At the introduction stage of a product lifecycle product quality levels and branding are established as are intellectual property aspects like trademarks and patents. The nature of pricing at this instance may be either low to enable market penetration or high to facilitate the recouping of development costs. Promotion exercises largely target early adopters and it is all about creating awareness. Distribution remains selective until customers have been observed to accept the product to feasible levels.
The growth stage of a product lifecycle sees firms endeavor to expand market share and consolidate brand preference. The quality of the product is still maintained and extra features may be added to increase customer preference. The same pricing structure is retained as the firm enjoys the benefits that come with increasing demand and limited competition. The promotional activities that the firm sets out to do are generally aimed at increasing the market share by targeting wider audiences.
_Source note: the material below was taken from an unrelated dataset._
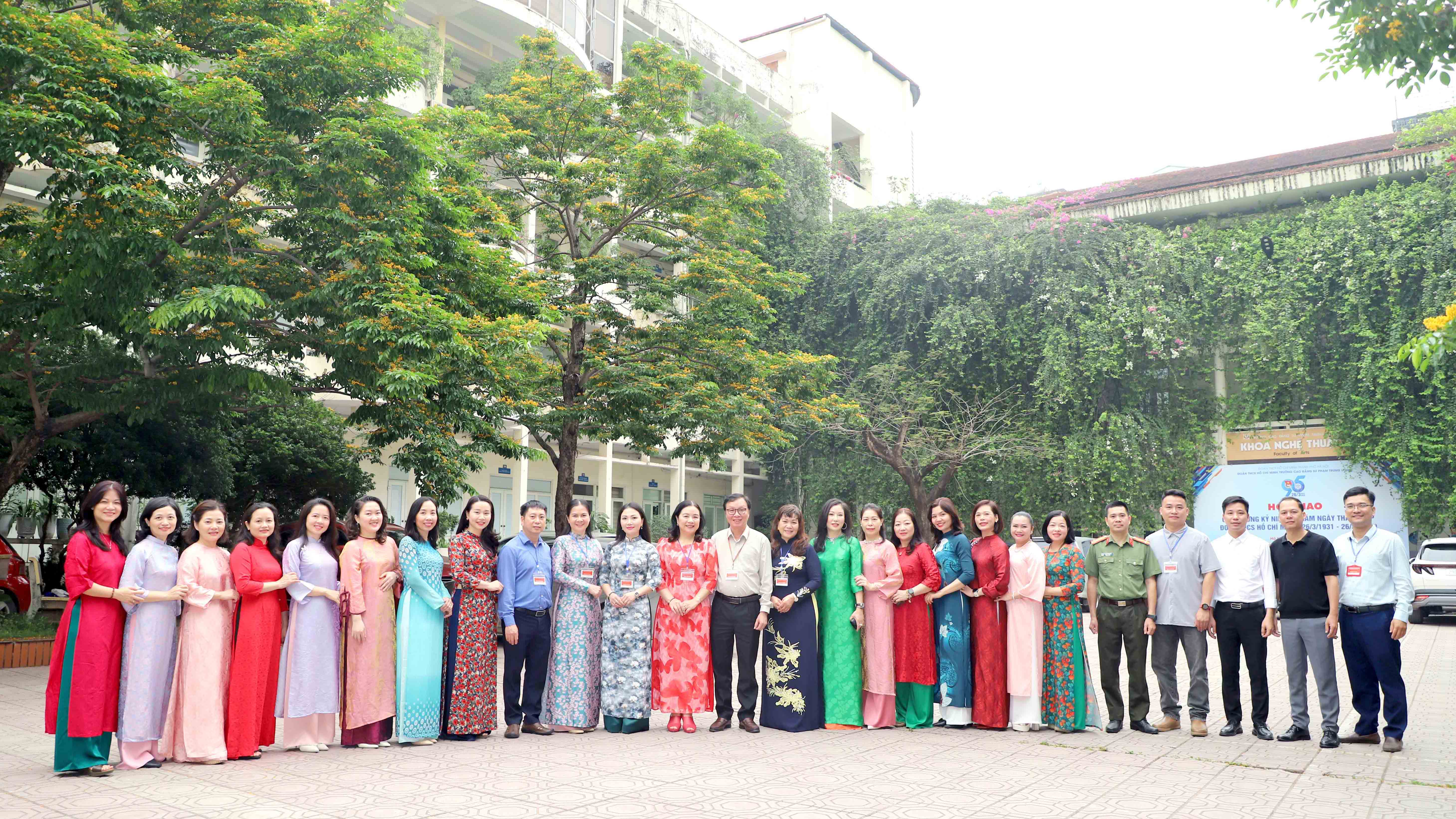Lãnh đạo Hội đồng tuyển sinh chụp ảnh lưu niệm cùng thành viên phục vụ kỳ thi

Distribution channels start being developed thanks to increased product acceptance and demand by customers.
During the maturity stage of the product lifecycle the increasing market share of the previous stage becomes restrained. It is very likely that competitors will have introduced new similar products. The firm will at this stage try to retain its market share while seeking to make maximum profits. The product may be improved in a way to make it better than what competitors are offering. Promotional aspects will largely seek to create awareness with respect to product differentiation and the pricing may be set lower in response to the competition. Distribution activities will see added vigor and the introduction of incentives in a bid to win over customers attracted by the competitors.
In decline the firm may decide to stick with the product and make improvements to it or a new use for it in the market. The firm may also harvest the product by making price reductions and availing it to loyal customers. Alternatively the firm may opt to discontinue the product.
In product marketing the firm must understand what range of products it will offer and who the target customers will be. Informed product marketing also seeks to know how these products will reach the desired customers i.e. through distribution channels and also why these customers will prefer these products as opposed to what competitors offer.